Old-fashioned TV programming delivered over the TV network (cable or over-the-air) required the viewer's perfect attention at exactly the right time, every distraction caused an irreplaceable drop of "message" transmission. TV delivered over an internet connection gives the viewer the same control over the pace of content delivery as a book -- the viewer can stop and start, replay, etc. Essentially, TV over ip delivers a superior viewer experience, the bandwidth of audio/video with user pace control. For a significant subset of "message" TV over ip can make for a better experience than just plain old text over ip.

Posted by: black dog barking | Jan 9, 2011 12:32:22 PM

Justin, I read books for hours every day, so I relate. Also, you're writing one, so it's prudent not to lose your grip, just yet, on how superb it is to read a book. I certainly hope to keep that notion front and center at least until I have read yours.
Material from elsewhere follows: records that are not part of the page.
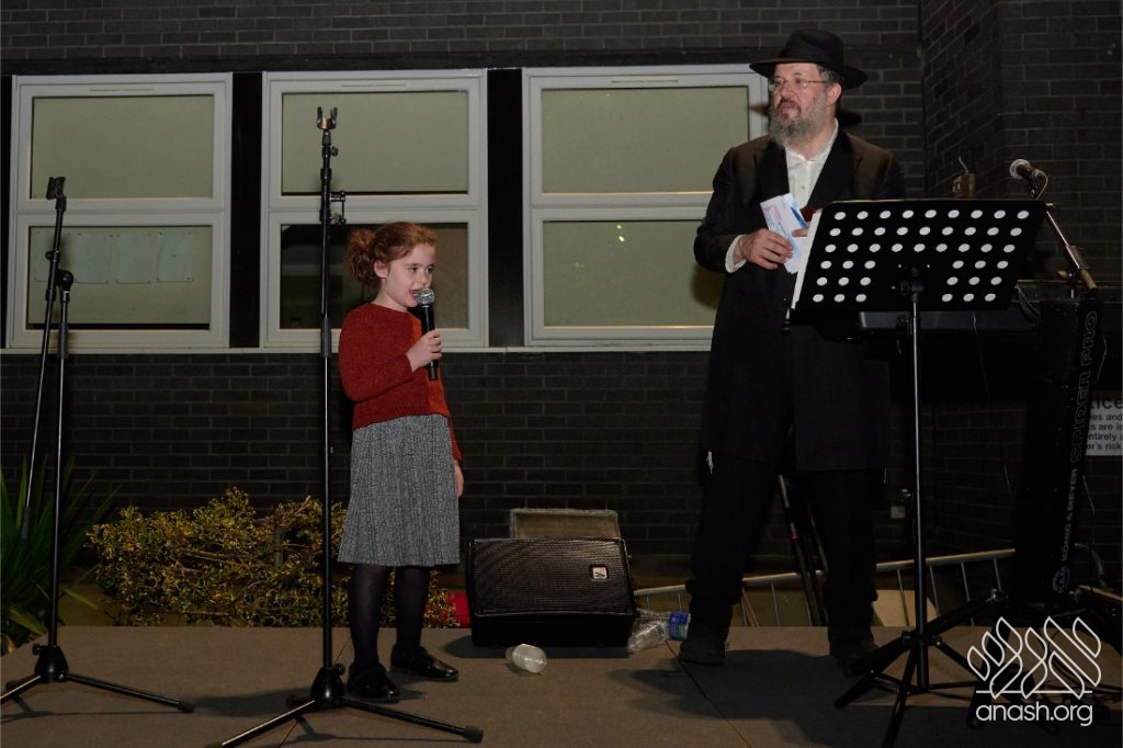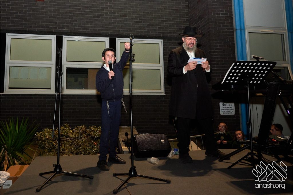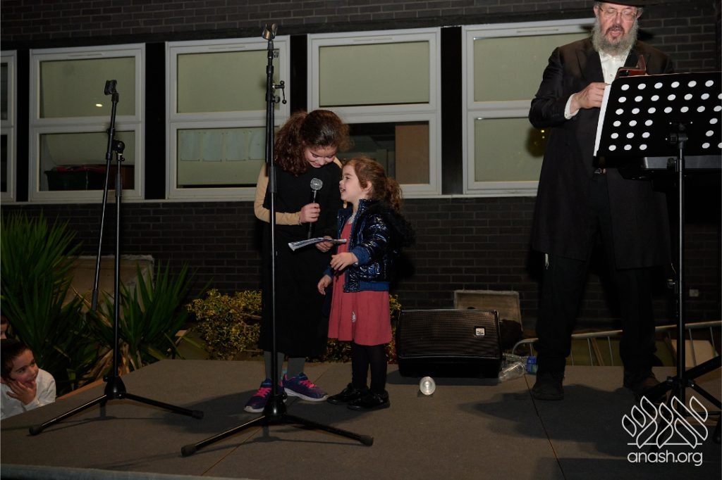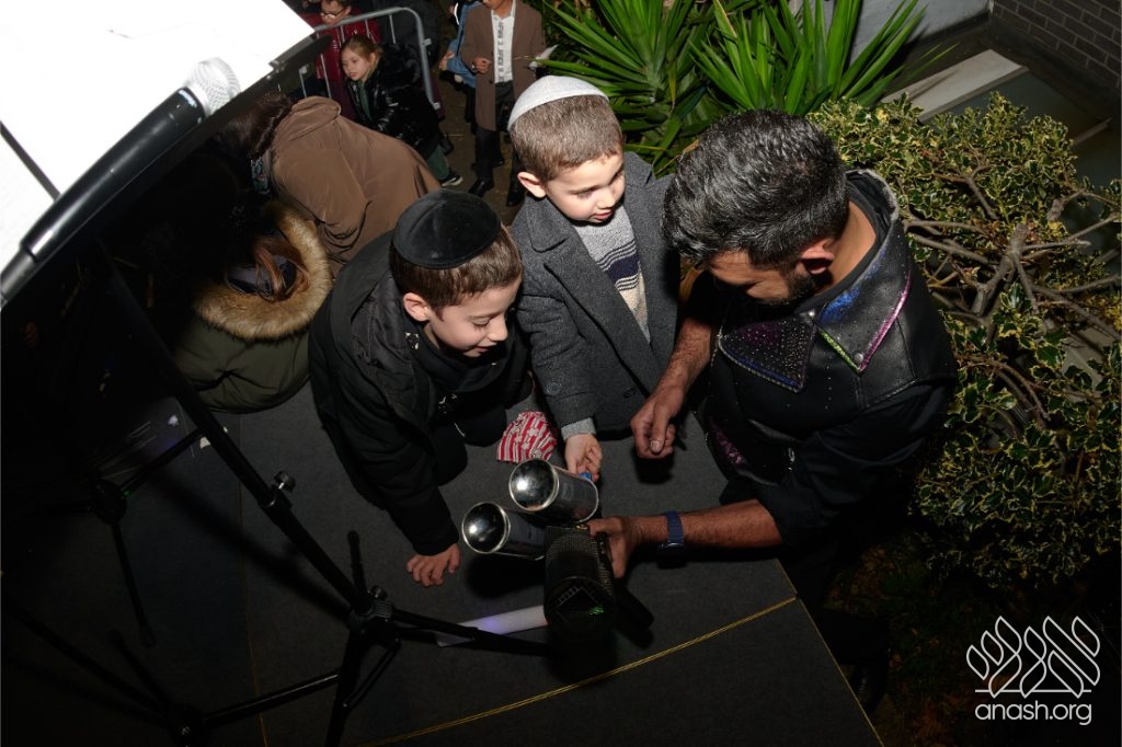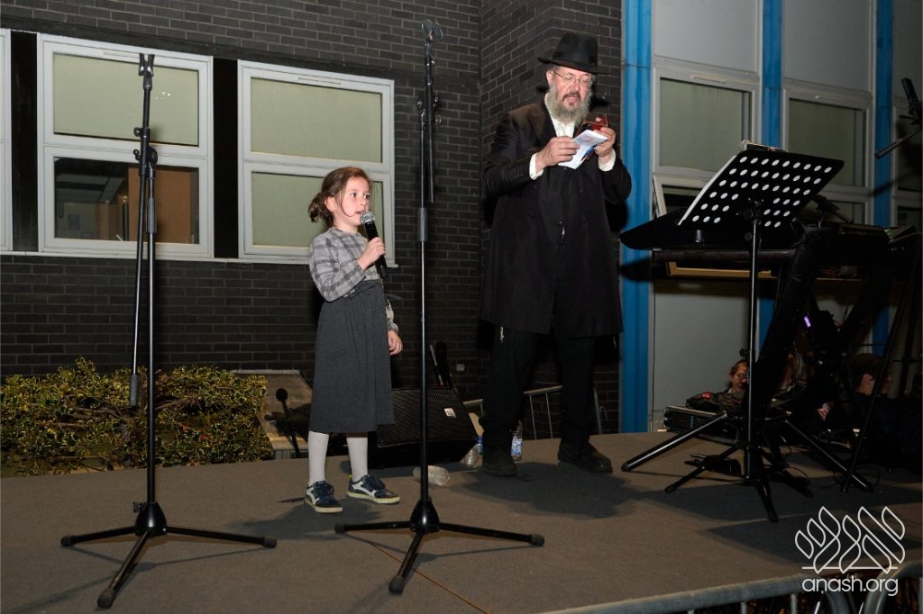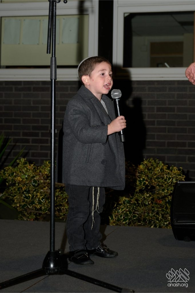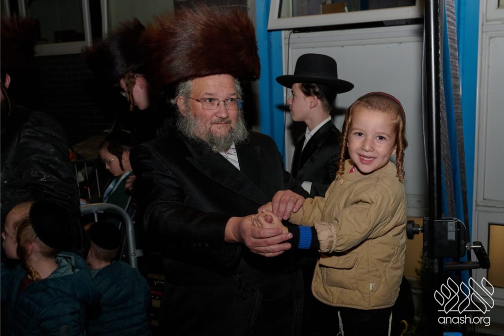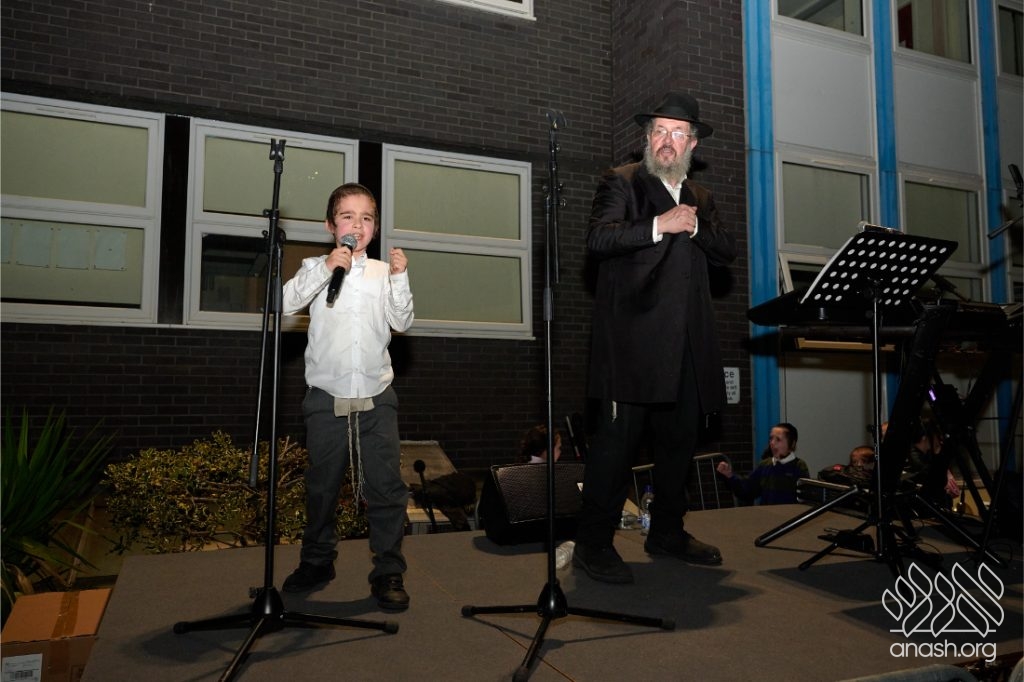 The evening began with children proudly reciting the Twelve Pesukim, followed by a spectacular fire-juggling show by a well-known entertainer that delighted young and old alike. Afterward, the crowd broke into lively dancing and joyous niggunim that filled the streets for many long hours.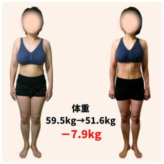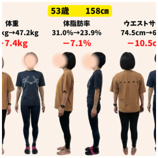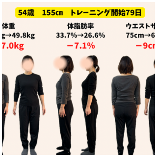 体重 54.6キロ → 47.2キロ(-7.4キロ) 体脂肪率 31.0% → 23.9%(-7.1%) ウエストサイズ 74.5cm → 64cm(-10.5cm) Q なぜトレーニングを始めようと思いましたか? コロナ禍でほぼ外出せず、...
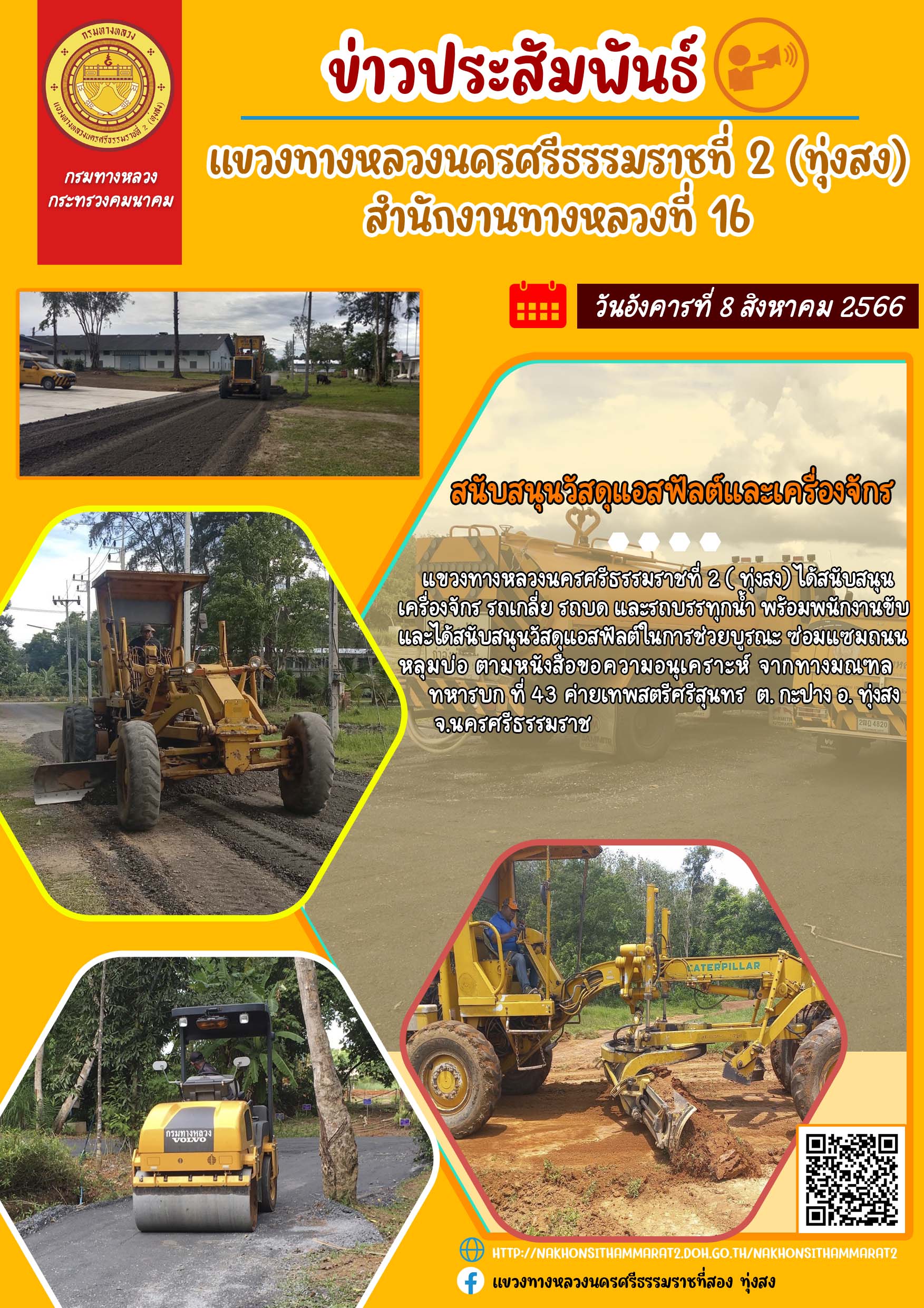 สนับสนุนวัสดุแอสฟัลต์ในการช่วยบูรณะ ซ่อมแซมถนน หลุมบ่อ มณฑลทหารบกที่ 43 ค่ายเทพสตรีศรีสุนทร อ.ทุ่งสง จ.นครศรีธรรมราช

But what's this about posting, and commenting on a post, being "asymmetrical" activities? If you comment, does that somehow make you subordinate? Not more than responding to something you hear in conversation is subordinate in that you did not, yourself, introduce the idea, and are therefore forced into reactive mode. Many comments completely pass over the post, too -- as a mere pretext for saying what one would have said anyway. Almost any lengthy 3QD thread attests to this. If it was a joke, it was funny. If it wasn't, please elaborate! You'd be commenting on your own post, so there would be no pesky sodomite/catamite dynamic to worry about...

Posted by: Elatia Harris | Jan 9, 2011 12:59:28 PM

For me, Facebook's power lies in it's ability to act as a multimedia clearinghouse for content. From the personal to the global. Especially among people who I probably have a relationship with outside the internet. Thus, I'm challenged to select material for posting that I think is more likely to get a response from those people. Of course that selective process can go any number of ways. But the accrual of those choices affords an opportunity for reflection on that process over time that I don't think has a direct analog previous to the internet. And though this tool like any other is open for more abusive or more contructive tasks, I think a moderate celebration of the particular nature of those more constructive applications can be defended.

Yet, that defense is probably no more than a defense of the interactive nature of the internet. An interaction that cuts across time and space in a new way, with Facebook as the most recent realization of that interaction.

Books, however, as you've pointed out, remain the most potent source of learning. And the template from which the most robust sources on the net are constructed. I guess the informational density of the written word remains unparalleled.